Text-to-speech system and method thereof
The present invention is related to a text-to-speech system, including a text processor dividing a first text data and a second text data from a text string having at least a first language and a second language; a database including a plurality of acoustic units commonly used by the first and second languages; a first speech synthesis unit and a second speech synthesis unit generating a first speech data corresponding to the first text data and a second speech data corresponding to the second text data respectively by using the plurality of acoustic units; and a prosody processor optimizing prosodies of the first and second speech data.
Latest Delta Electronics, INC. Patents:
The present invention relates to a text-to-speech system and the method thereof, and more particularly to a multi-language text-to-speech system and the method thereof.

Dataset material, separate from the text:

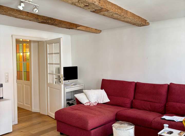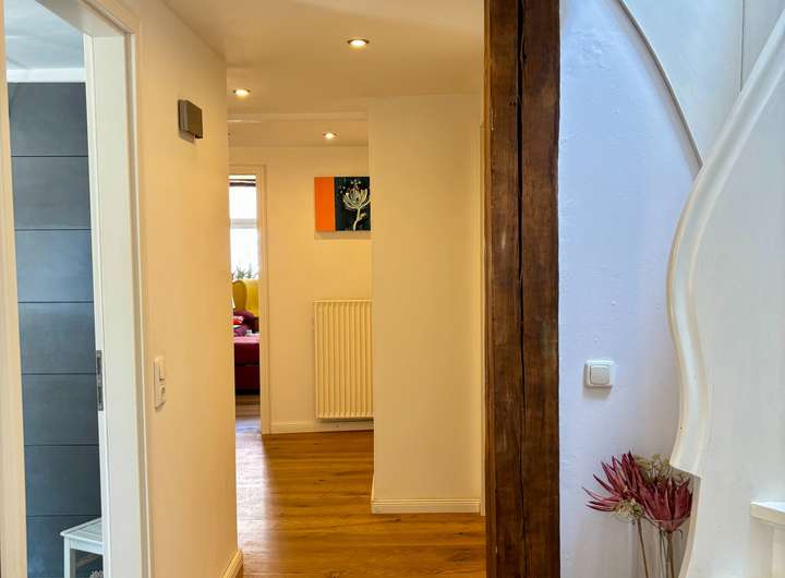 Das 1. Obergeschoss bietet ein großzügiges Wohnzimmer mit einem zweiten Kaminofen und herrlicher Altstadtatmosphäre. Im Flurbereich sorgen tragende Holzbalken und moderne Deckenstrahler für eine gelungene Verbindung von Tradition und Moderne. Ebenfalls auf dieser Etage befinden sich das Hauptschlafzimmer, ein modernisiertes Duschbad mit Tageslicht sowie ein separater Hauswirtschafts- bzw. Heizungsraum.
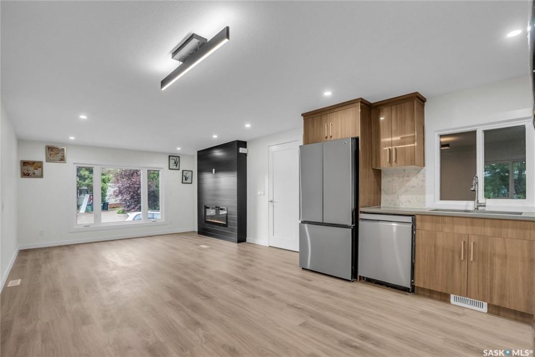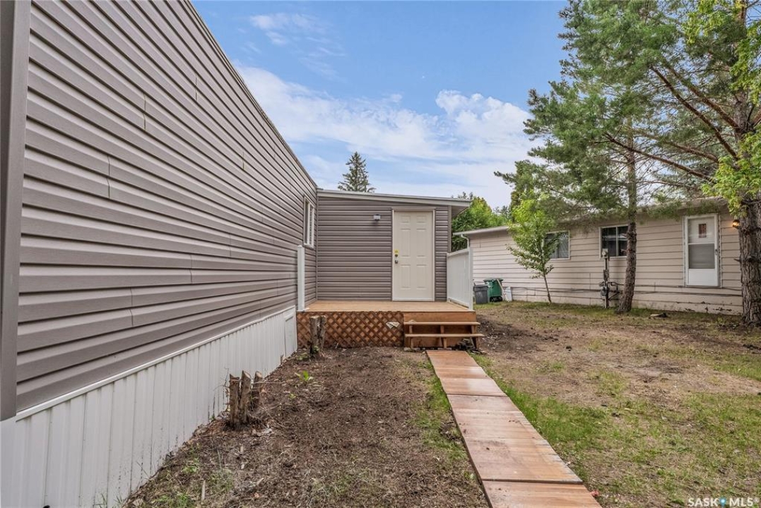 Completely renovated and move-in ready, this stunning mobile home offers over 1,200 square feet of beautifully updated living space on an absolutely massive lot backing green space—an incredible find on the east side of Saskatoon for under $200,000! Located in a quiet, well-kept park, this home features a brand-new furnace, air conditioning, and windows for year-round comfort and efficiency. Step inside to a bright, modern interior showcasing quartz countertops, tile backsplash, soft-close cabinets, stainless steel appliances and pot lights throughout. The open-concept layout is finished with luxury vinyl plank flooring and features an electric fireplace for added charm. Bonus room for extra space for kids or an office. You'll love the dual sinks in the bathroom, the feature wall in the primary bedroom, and the thoughtful touches throughout. Enjoy two new outdoor decks—one in the front and one in the back—perfect for morning coffee or evening entertaining. Lot fees include: water, sewer, snow removal, garbage pick-up, park maintenance and that expansive yard. Whether you're downsizing, buying your first home, or simply looking for turn-key living in a peaceful east-end location, this home delivers exceptional value and style.

BACKGROUND OF THE INVENTIONFor a text-to-speech system, the text has only the linguistic features whether the input data is a paragraph or an article. It means the text does not contain any acoustic features, for example, tones, durations or speeds. Therefore, the system has to generate possible acoustic features of these texts through an automatic prediction. Recently, the stringing method is very popular, which picks up a sound unit corresponding to the word from a prerecorded database.
The major function of a text-to-speech system is to convert a text input to a fluent speech output. Please refer to
A multi-language text-to-speech system and method are disclosed in the U.S. Pat. No. 6,141,642. The method includes different linguistic processing systems to proceed tasks of text-to-speech in different languages respectively, and then the combination of speech data from different processing systems is output. In the U.S. Pat. No. 6,243,681B1, a multi-language speech synthesizer for a computer telephony integration system is disclosed. The disclosed multi-language speech synthesizer includes several speech synthesizers for text-to-speech with different languages. Then, the speech data from different linguistic processing systems are combined and output
The above-mentioned US patents are both based on the combination of different acoustic databases of different languages. When the speech data is output, users will hear different sounds of each language, which means the voices and the prosodies are different and inconsistent. Further, even all words of each language could be recorded by the same speaker, it spends lots of efforts and is not easily achievable.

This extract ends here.